Un autisme diagnostiqué à l’âge adulte

En faisant la connaissance de Felix, je comprends encore mieux à quel point les formes d’autisme sont différentes. Lui me tend la main immédiatement pour me saluer. Neurobiologiste de formation, il a longtemps été chercheur. Aujourd’hui âgé de 39 ans, il a acquis en autodidacte ses vastes compétences informatiques.

Felix, qui parle de façon calme, réfléchie et posée, a appris un peu par hasard qu’il était atteint d’autisme: c’était il y a quatre ans seulement, alors qu’il se sentait épuisé après un séjour de recherche de plusieurs mois en Corée du Sud. J’ai toujours été très actif, j’ai fait de nombreuses heures supplémentaires et j’ai souvent travaillé le week-end. Je n’ai jamais remarqué que je n’avais pas de vie privée.»

La capacité de concentration, une autre force

Aujourd’hui, il s’étonne qu’il ne soit venu à l’esprit de personne – pas même de lui-même – qu’il pouvait s’agir d’autisme. «Après coup, ce diagnostic m’a permis de mieux comprendre certaines choses. » Par exemple, pourquoi il se consacrait aussi intensément à ses travaux scientifiques.

«Je peux me concentrer pleinement et longuement sur un problème. Je n’éprouve jamais de frustration; je m’obstine jusqu’à ce que j’aie trouvé une réponse.» C’est ainsi qu’il décrit ses points forts, qu’il attribue à l’autisme.

«J’aime apprendre de nouvelles choses, je ne trouve jamais cela pénible. Au contraire!» «Et tu fais tout à la vitesse de l’éclair, affirme Iris Gallmann. Ta précision et ta rapidité m’impressionnent sans cesse.»

Felix & Matthias

Ils ne veulent pas être traités différemment

Qu’en est-il de ses points faibles? Il affirme avoir du mal à aborder des personnes qu’il ne connaît pas dans le cadre de sa vie privée. «Mon intuition n’est pas très développée; je raisonne surtout de façon logique. » En tout cas, il noue plus facilement des relations lorsque son interlocuteur a les mêmes intérêts que lui, p. ex. s’il aime lire des romans de science-fiction. Il apprécie ce type de livres, de même que les ouvrages spécialisés. Pour se tenir au courant des dernières actualités, il écoute des podcasts dédiés à des sujets divers et variés. Il fait en outre régulièrement du fitness pour compenser son travail intellectuel.

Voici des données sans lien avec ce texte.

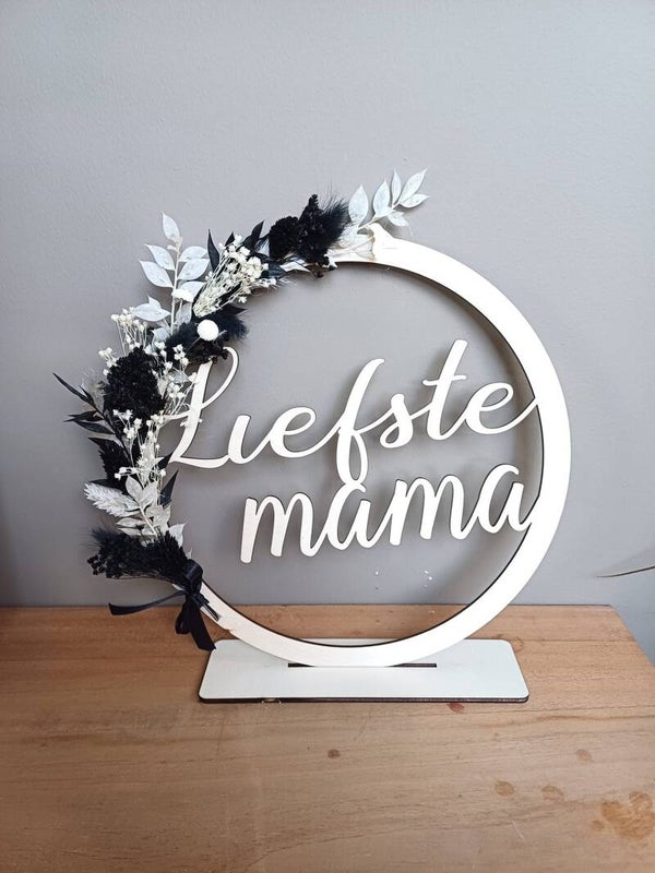 Houten krans met tekst en droogbloemen om moederdag of een andere speciale dag te vieren.

Lorsqu’on lui demande ce qu’il aimerait changer à son quotidien professionnel, Felix répond: «Nous ne voulons pas être traités différemment: nous ne sommes pas des personnes fatigantes qui se vexent rapidement. Nous désirons être abordés de la même manière que les personnes neurotypiques.» Et Iris Gallmann d’ajouter: «Ce qui profite aux personnes neuro-atypiques profite également aux autres. Le fait de discuter sans crainte des problèmes et de se donner ouvertement des feed-back est bon pour tout le monde.»

Nous ne voulons pas être traités différemment: nous ne sommes pas des personnes fatigantes qui se vexent rapidement.